**WHAT TO WORK ON:** Reproduce only this stretch of the listing below: from the line with "奶绿色双层【可壁挂/台式-带刀架+沥水盘】" through the line with "作为0基础的纯小白,她选择了", exactly as written, with pictures excluded.

**SUPPLIED MATERIAL:**
▽

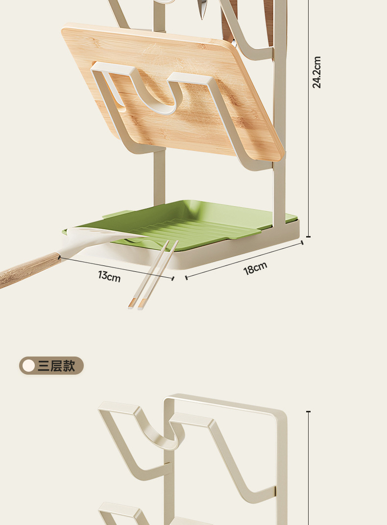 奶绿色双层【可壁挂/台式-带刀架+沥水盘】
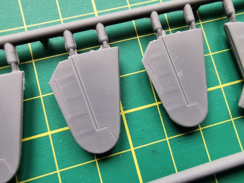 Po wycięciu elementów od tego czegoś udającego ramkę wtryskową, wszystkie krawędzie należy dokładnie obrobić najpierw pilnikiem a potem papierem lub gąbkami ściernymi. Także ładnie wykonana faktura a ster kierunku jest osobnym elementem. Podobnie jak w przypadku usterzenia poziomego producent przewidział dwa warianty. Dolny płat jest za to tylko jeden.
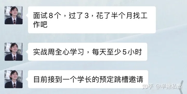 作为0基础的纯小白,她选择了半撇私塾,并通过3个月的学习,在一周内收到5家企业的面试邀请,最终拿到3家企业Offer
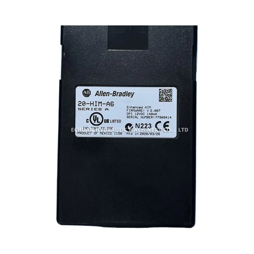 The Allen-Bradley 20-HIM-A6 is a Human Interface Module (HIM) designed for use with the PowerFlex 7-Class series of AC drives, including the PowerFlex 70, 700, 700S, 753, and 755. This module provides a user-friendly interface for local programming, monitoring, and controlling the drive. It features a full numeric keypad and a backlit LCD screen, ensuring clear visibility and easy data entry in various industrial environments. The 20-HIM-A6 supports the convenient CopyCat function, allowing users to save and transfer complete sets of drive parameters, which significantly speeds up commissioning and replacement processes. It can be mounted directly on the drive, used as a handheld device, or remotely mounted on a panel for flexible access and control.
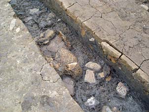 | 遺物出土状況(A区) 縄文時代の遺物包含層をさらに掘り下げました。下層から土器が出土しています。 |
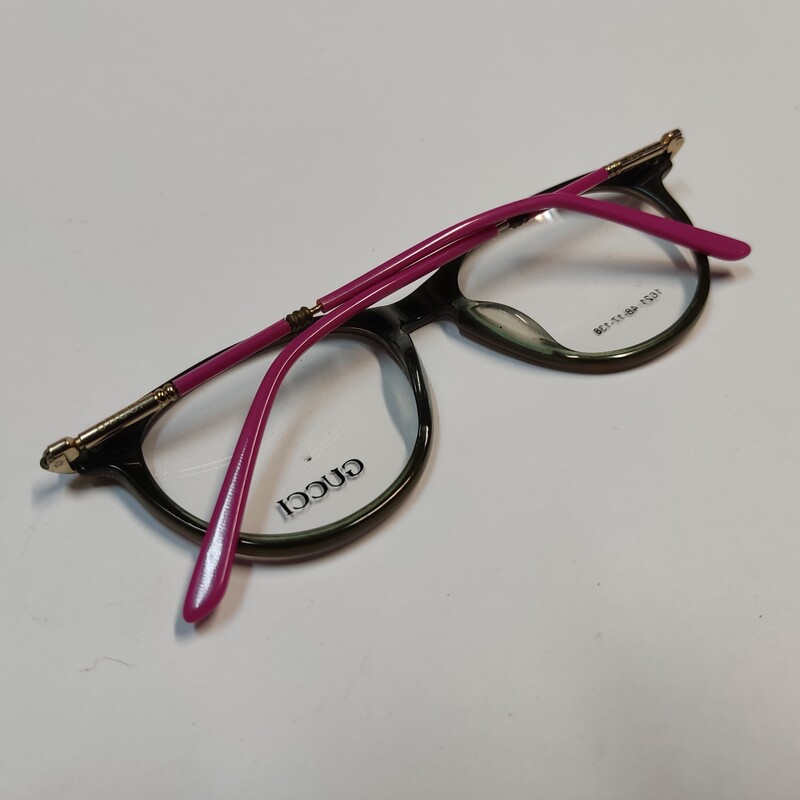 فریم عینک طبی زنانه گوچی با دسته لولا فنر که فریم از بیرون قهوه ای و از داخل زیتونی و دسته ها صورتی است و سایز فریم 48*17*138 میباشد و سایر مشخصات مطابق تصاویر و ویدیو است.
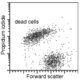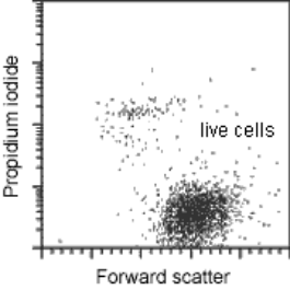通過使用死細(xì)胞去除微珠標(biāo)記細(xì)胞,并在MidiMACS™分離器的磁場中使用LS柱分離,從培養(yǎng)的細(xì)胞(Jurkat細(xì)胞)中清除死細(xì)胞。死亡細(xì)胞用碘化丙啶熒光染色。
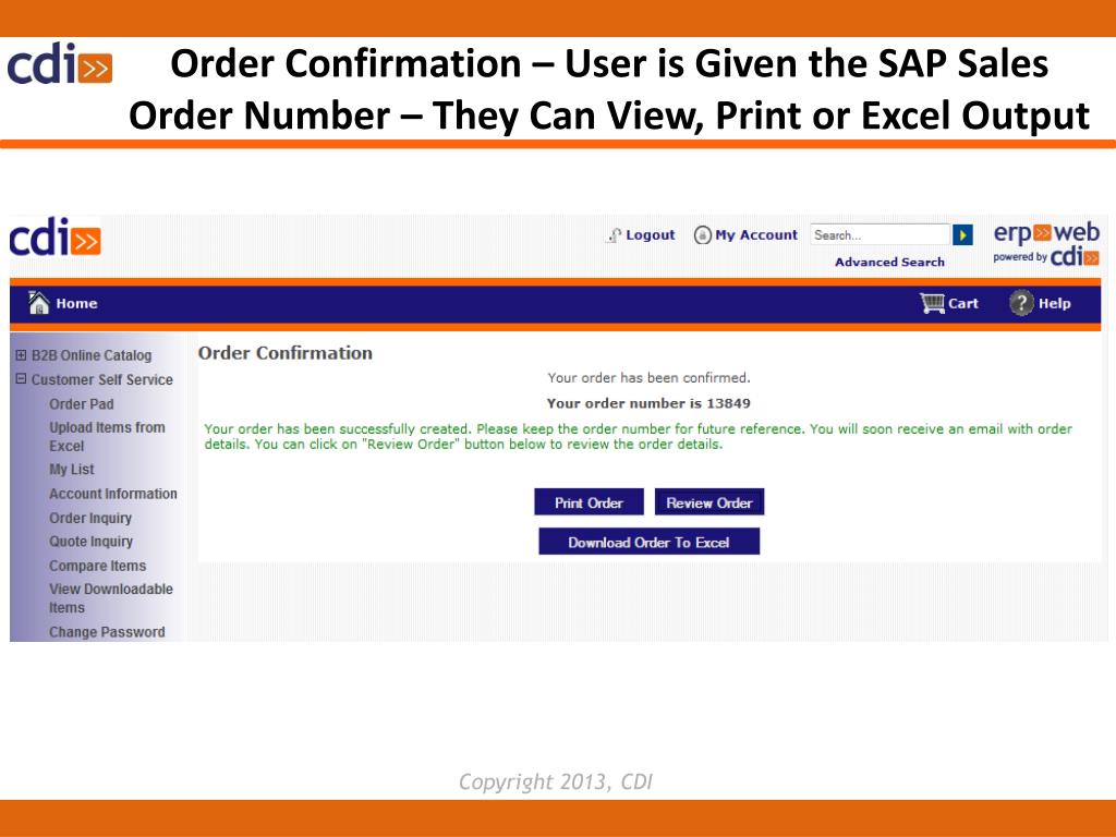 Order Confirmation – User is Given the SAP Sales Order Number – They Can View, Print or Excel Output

△
▽

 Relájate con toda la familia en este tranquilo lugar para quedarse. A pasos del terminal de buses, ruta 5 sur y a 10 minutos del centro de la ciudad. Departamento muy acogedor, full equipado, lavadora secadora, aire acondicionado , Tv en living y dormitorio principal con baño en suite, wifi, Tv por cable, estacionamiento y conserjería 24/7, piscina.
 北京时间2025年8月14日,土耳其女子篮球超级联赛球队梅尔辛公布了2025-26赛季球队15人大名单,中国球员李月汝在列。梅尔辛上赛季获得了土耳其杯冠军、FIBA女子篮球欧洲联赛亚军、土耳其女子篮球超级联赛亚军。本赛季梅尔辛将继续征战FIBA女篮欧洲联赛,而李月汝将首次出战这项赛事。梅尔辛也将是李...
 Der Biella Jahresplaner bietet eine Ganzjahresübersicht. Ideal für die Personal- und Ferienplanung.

△
▽

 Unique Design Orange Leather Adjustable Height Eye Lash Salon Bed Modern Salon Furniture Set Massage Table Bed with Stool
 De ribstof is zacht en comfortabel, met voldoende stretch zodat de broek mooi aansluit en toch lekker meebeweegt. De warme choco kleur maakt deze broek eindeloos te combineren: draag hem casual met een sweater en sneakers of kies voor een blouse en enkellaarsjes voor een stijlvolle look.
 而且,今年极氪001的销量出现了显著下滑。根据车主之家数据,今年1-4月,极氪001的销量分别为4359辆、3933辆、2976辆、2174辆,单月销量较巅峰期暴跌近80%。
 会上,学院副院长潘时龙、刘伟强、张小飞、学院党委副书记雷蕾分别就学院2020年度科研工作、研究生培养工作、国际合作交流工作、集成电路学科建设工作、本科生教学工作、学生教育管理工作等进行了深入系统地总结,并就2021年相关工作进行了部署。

△

**SOLUTION TO THIS EXERCISE:**
 奶绿色双层【可壁挂/台式-带刀架+沥水盘】
 Po wycięciu elementów od tego czegoś udającego ramkę wtryskową, wszystkie krawędzie należy dokładnie obrobić najpierw pilnikiem a potem papierem lub gąbkami ściernymi. Także ładnie wykonana faktura a ster kierunku jest osobnym elementem. Podobnie jak w przypadku usterzenia poziomego producent przewidział dwa warianty. Dolny płat jest za to tylko jeden.
 作为0基础的纯小白,她选择了半撇私塾,并通过3个月的学习,在一周内收到5家企业的面试邀请,最终拿到3家企业Offer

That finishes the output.